▸ **WHAT IS BEING ASKED**: Copy only the lines from the one with "Los técnicos de" through the end of the records, exactly as they stand. No pictures belong in the copy.

Data excerpts
================
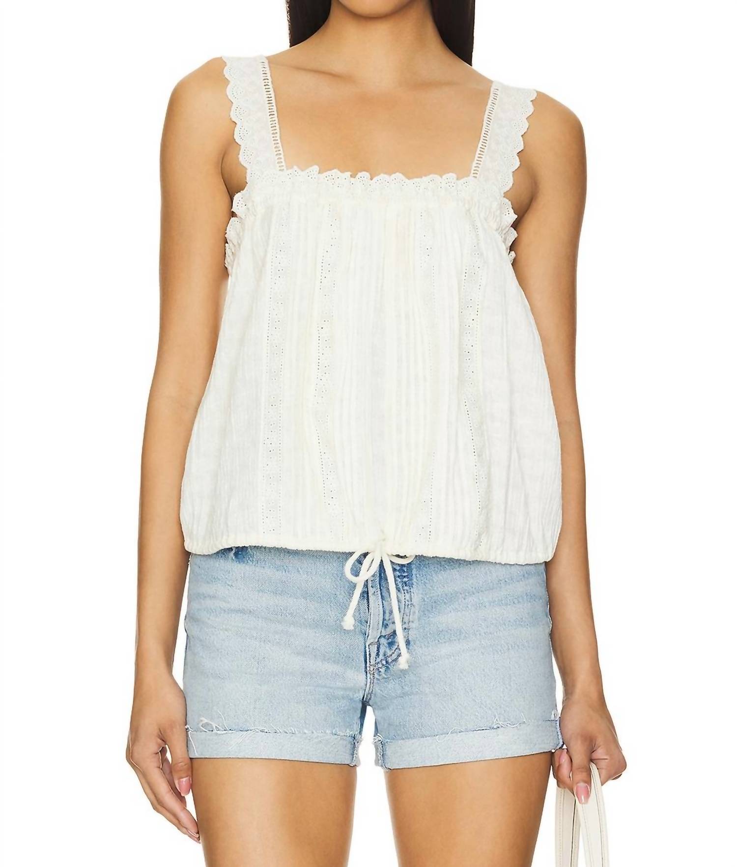Este top apresenta decote quadrado com acabamento franzido e babados, além de alças largas fixas com acabamento franzido. Possui ilhós e franzidos em toda a peça, barra com cordão e textura leve. Confeccionado em 85% algodão e 15% linho. Lavável à máquina. Fabricado na Índia.
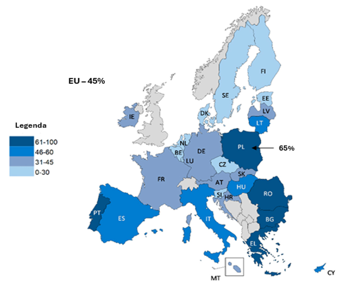 Rycina 1. Odsetki mieszkańców krajów Unii Europejskiej, którzy deklarowali, że nigdy nie ćwiczą i nie uprawiają sportu (2022 r.)
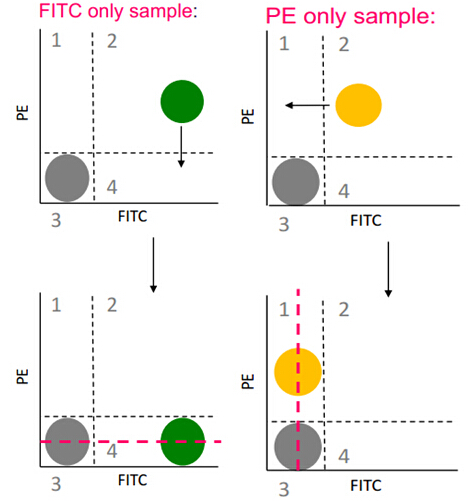 (3)PE單染管:同理,將進(jìn)入FITC探測(cè)器的PE信號(hào)通過補(bǔ)償調(diào)節(jié)來消除。
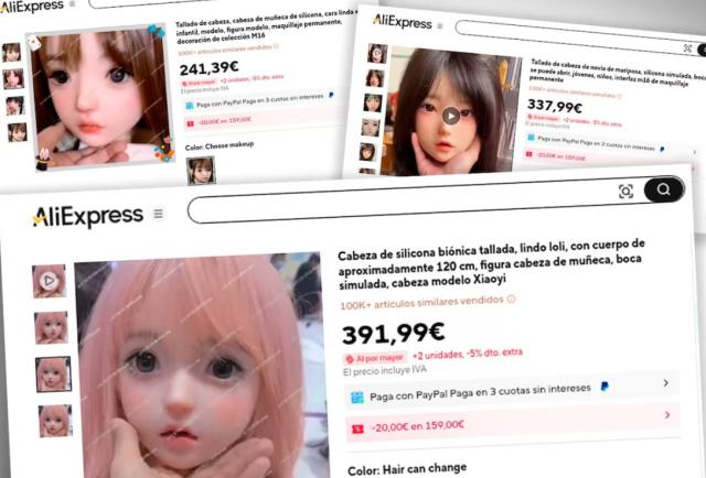 Los técnicos de la organización dieron con estos productos tras búsquedas como “muñecas sexuales niñas”, aunque dentro de AliExpress hoy no figuran descripciones explícitas sobre su uso sexual.
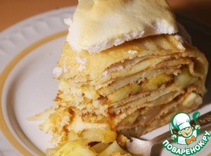 Вкусный и нежный блинный пирог с яблочно-банановой начинкой для любителей блинов, яблок и бананов. Блины на манке толстенькие, с легким ароматом дрожжей в сочетании с сочной кисло-сладкой начинкой прекрасно подходят к ароматному чаю или кофе, для неспешной беседы.
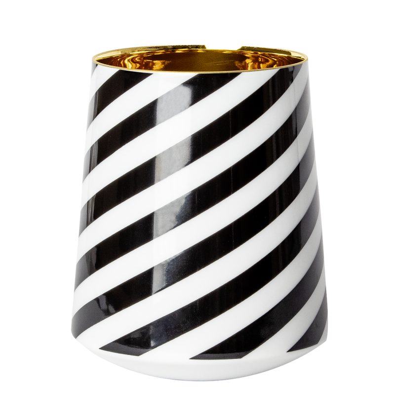 Das puristische Weiß der Wein- und Digestifbecher steht im eleganten Kontrast zu dem opulenten, warm leuchtenden 24-Karat-Gold im Inneren. Es unterstreicht die zarte Wertigkeit des Porzellans und hat einen zusätzlichen Effekt: Weiß- und Roséweine behalten ihre erfrischende Kühle, Rotweine lange ihre vorgegebene Trinktemperatur.
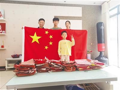 张潮一家四口。茶几上,左为收藏的旧国旗,右为预备用于免费更换的新国旗。
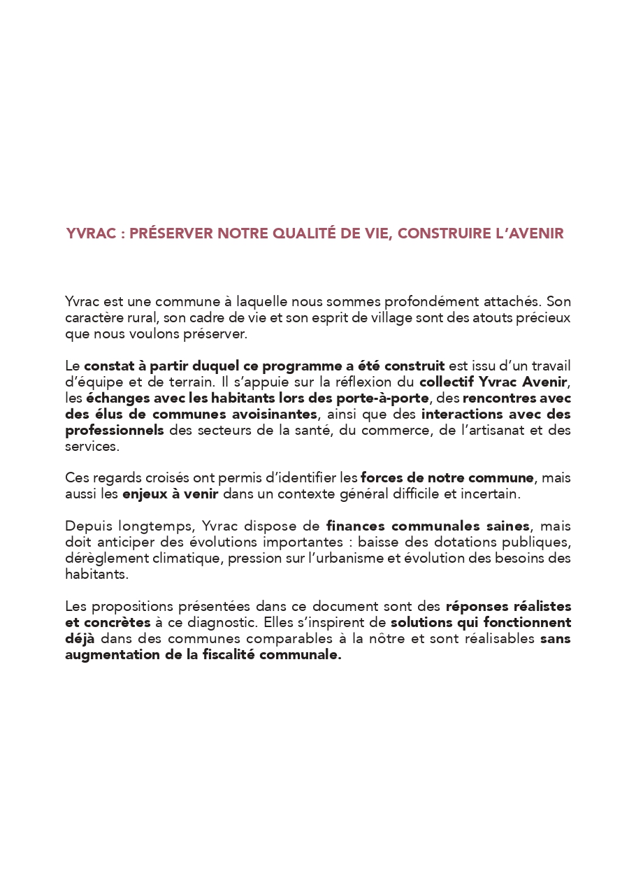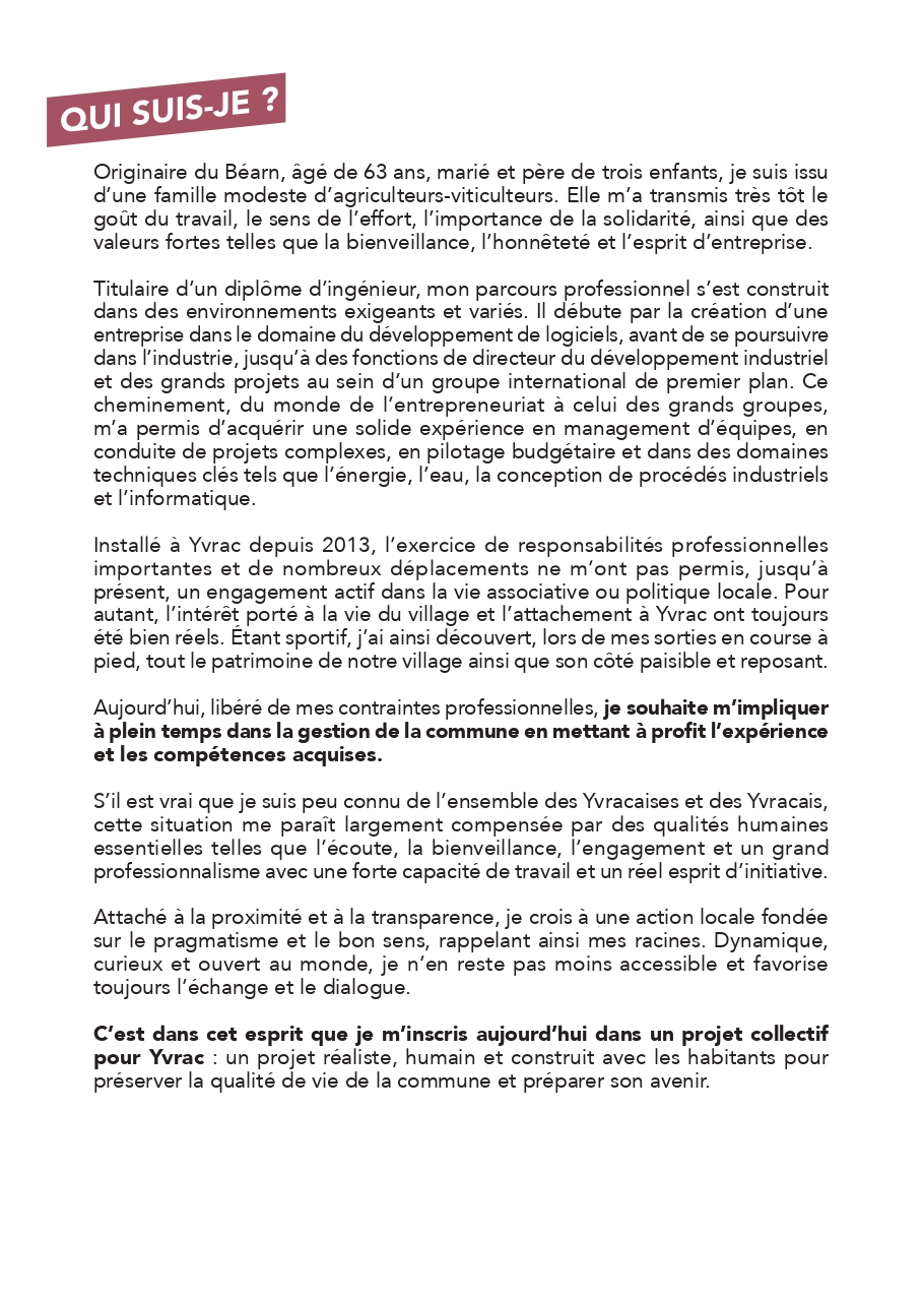 Parce que je suis profondément attaché à Yvrac, parce que je souhaite le meilleur pour notre commune, je me présente devant vous, entouré d’une équipe citoyenne apolitique : Yvrac Avenir.
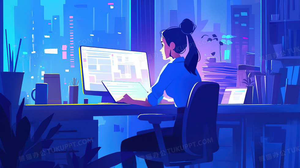 本作品内容为熬夜加班工作的打工人插画, 格式为 jpg, 大小3 MB, 图片尺寸为2912 x 1632, 源文件无水印, 欢迎使用熊猫办公。 如认为平台内容涉嫌侵权,可通过邮件:tousu@tukuppt.com提出书面通知,我们将及时处理。
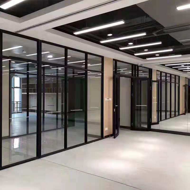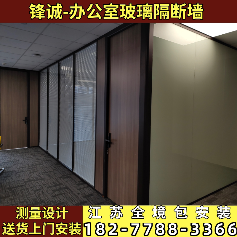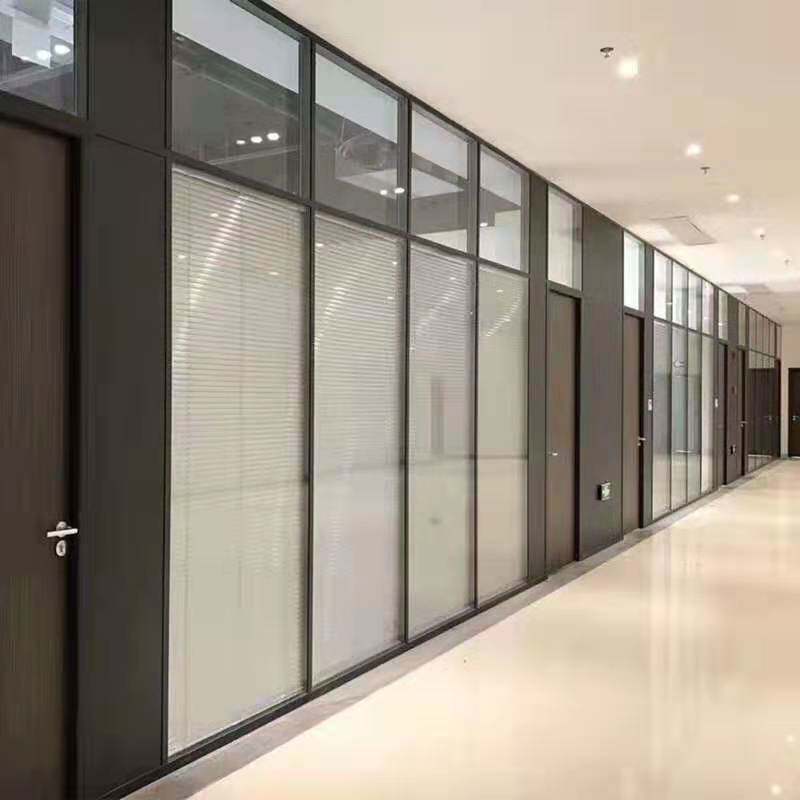 Wuxi office glass partition wall high partition plant Aluminum alloy glass wood finished double louver decoration
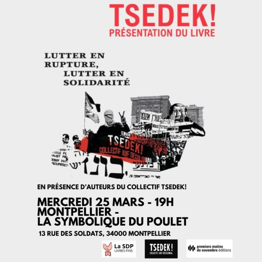 Lire la suiteRencontre avec le collectif Tsedek! autour de leur livre « Lutter en rupture, lutter en solidarité » – Mercredi 25 novembre à 19h
================
▸ **RESULT OF THE TASK**:
 Los técnicos de la organización dieron con estos productos tras búsquedas como “muñecas sexuales niñas”, aunque dentro de AliExpress hoy no figuran descripciones explícitas sobre su uso sexual.
 Вкусный и нежный блинный пирог с яблочно-банановой начинкой для любителей блинов, яблок и бананов. Блины на манке толстенькие, с легким ароматом дрожжей в сочетании с сочной кисло-сладкой начинкой прекрасно подходят к ароматному чаю или кофе, для неспешной беседы.
 Das puristische Weiß der Wein- und Digestifbecher steht im eleganten Kontrast zu dem opulenten, warm leuchtenden 24-Karat-Gold im Inneren. Es unterstreicht die zarte Wertigkeit des Porzellans und hat einen zusätzlichen Effekt: Weiß- und Roséweine behalten ihre erfrischende Kühle, Rotweine lange ihre vorgegebene Trinktemperatur.
 张潮一家四口。茶几上,左为收藏的旧国旗,右为预备用于免费更换的新国旗。
 Parce que je suis profondément attaché à Yvrac, parce que je souhaite le meilleur pour notre commune, je me présente devant vous, entouré d’une équipe citoyenne apolitique : Yvrac Avenir.
 本作品内容为熬夜加班工作的打工人插画, 格式为 jpg, 大小3 MB, 图片尺寸为2912 x 1632, 源文件无水印, 欢迎使用熊猫办公。 如认为平台内容涉嫌侵权,可通过邮件:tousu@tukuppt.com提出书面通知,我们将及时处理。
 Wuxi office glass partition wall high partition plant Aluminum alloy glass wood finished double louver decoration
 Lire la suiteRencontre avec le collectif Tsedek! autour de leur livre « Lutter en rupture, lutter en solidarité » – Mercredi 25 novembre à 19h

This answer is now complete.